The letter gave her a chill as she read it. She had noticed lately that a great many small matters affected her in this way if they contained any element of uncertainty—a message that someone whose name she did not know had been trying to reach her on the telephone, some anonymous scurrilous letter (such as every movie personality receives occasionally), even the headlights of a car that seemed to be following her at night but was only waiting for a chance to overtake. It was a symptom of her nervous condition, she imagined, due partly to the strain of the picture-making; she was still detached enough in mind to diagnose and smile at her own foolishness. This letter from Mr. Walsh, however, put her in a state of mental spasm. She paced up and down the living-room of the apartment, reading it over and over as if the words themselves were hard to understand, then she crumpled it in sudden reasonless consternation. If someone were trying to torture her, this was the way. A minute later she was at the telephone, the note smoothed out beside the instrument as she read from it Walsh’s number. Action had quieted her. But it was too late—six-thirty in New York; Walsh had already left his office and his secretary said she had strict orders not to give anyone his home number.
Carey, still a little distraught, found a groove of relief in the memory of all the stage telephone scenes she had played—controlled emotion in voice, but an utmost betrayal to the eye—how easy it was, and how difficult audiences always thought it!… She said: “Perhaps YOU can help me then. I got a letter today from Mr. Walsh—”
“Yes, Mrs. Bond. I remember sending it. He’s going out to visit you.”
“You mean—just—just to visit ME?”
“I think so.”
“But—but if it’s so important I—I feel I can’t wait to know what it is… I MUST know… It’s not fair to have to think of these things for days ahead… Do YOU know what it’s about? I’m sure you must do —”
“I’m sorry, Mrs. Bond—perhaps if you were to telephone Mr. Walsh personally tomorrow… well, no, I oughtn’t to say that—he probably wouldn’t care to talk over the telephone—”
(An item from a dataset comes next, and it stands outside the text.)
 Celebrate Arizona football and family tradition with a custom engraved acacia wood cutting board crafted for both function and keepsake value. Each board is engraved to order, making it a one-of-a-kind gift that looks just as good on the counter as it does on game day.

“So you DO know what it’s about?”
“No, Mrs. Bond, Mr. Walsh doesn’t discuss his cases with me.”
“CASES?” Her heart felt as if it were being lifted out of her body for a solo exhibition. “WHAT case? I’m not in any case… at least I… none that I know of…”
“I’m sorry, Mrs. Bond. There’s really nothing more I can say. I’m sure when Mr. Walsh gets out to see you—”
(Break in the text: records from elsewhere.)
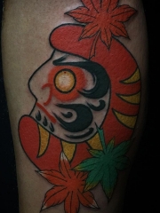 小腿枫叶达摩头像纹身图案
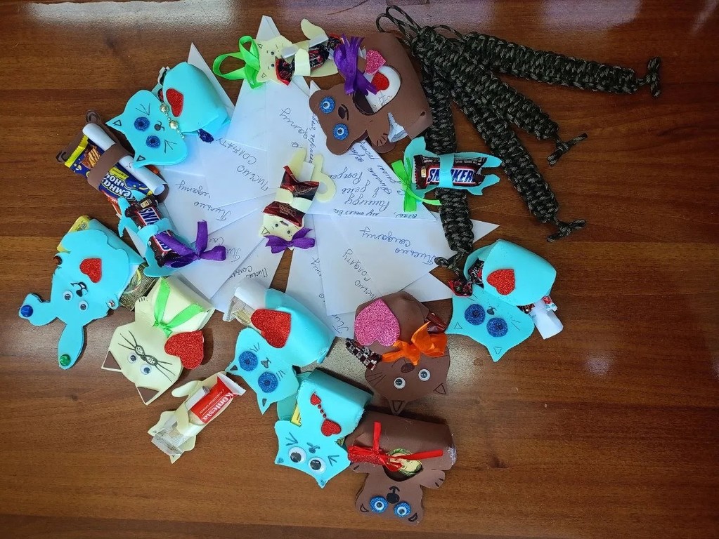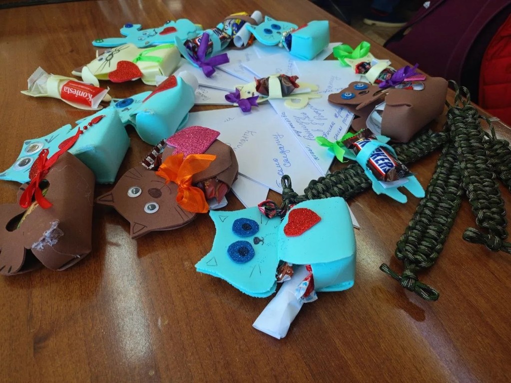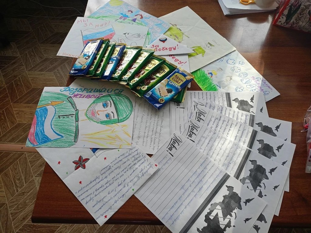 Ребята подготовили сладкие подарки и письма, в которых обратились с тёплыми словами поддержки к нашим Защитникам, выразили искреннюю признательность, гордость за смелость и мужество наших солдат.
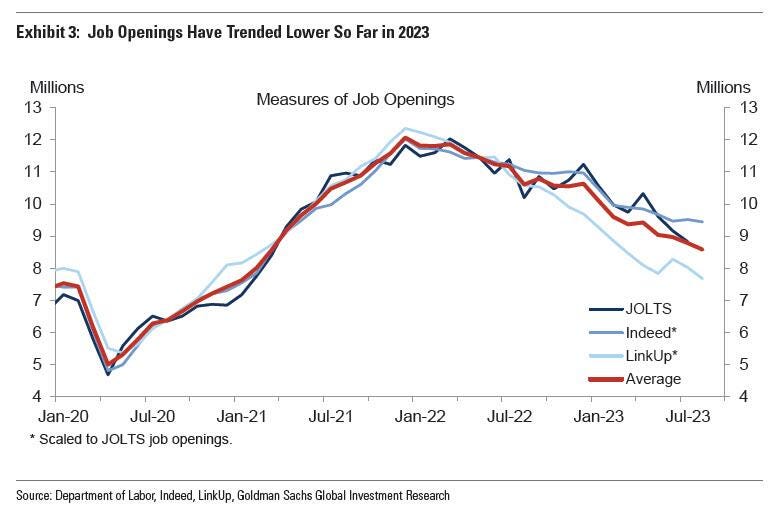 Bad data surprises on job openings and the downward revision in GDP were not seen as reasons to sell off. This indicates that the markets are currently more optimistic about the end of rate hikes and lower yields, rather than being concerned about a potential recession at this time.

“I see, I see… Yes, I understand… I’ll wait… Goodbye…”
For a time after that she thought she would be unable to attend the dinner. But that disturbed her even more; she disliked causing commotion, and had always harboured a slight contempt for last-minute cancellers. Paul had once told her understudy: “You’re in a hopeless job. Carey goes on if she can crawl.” Somehow the recollection of that tribute gave her power now to face the evening ahead, and once the decision was made she could even raise a mild excitement. It might be fun to have people applauding her again, real live people applauding HER instead of her photographs.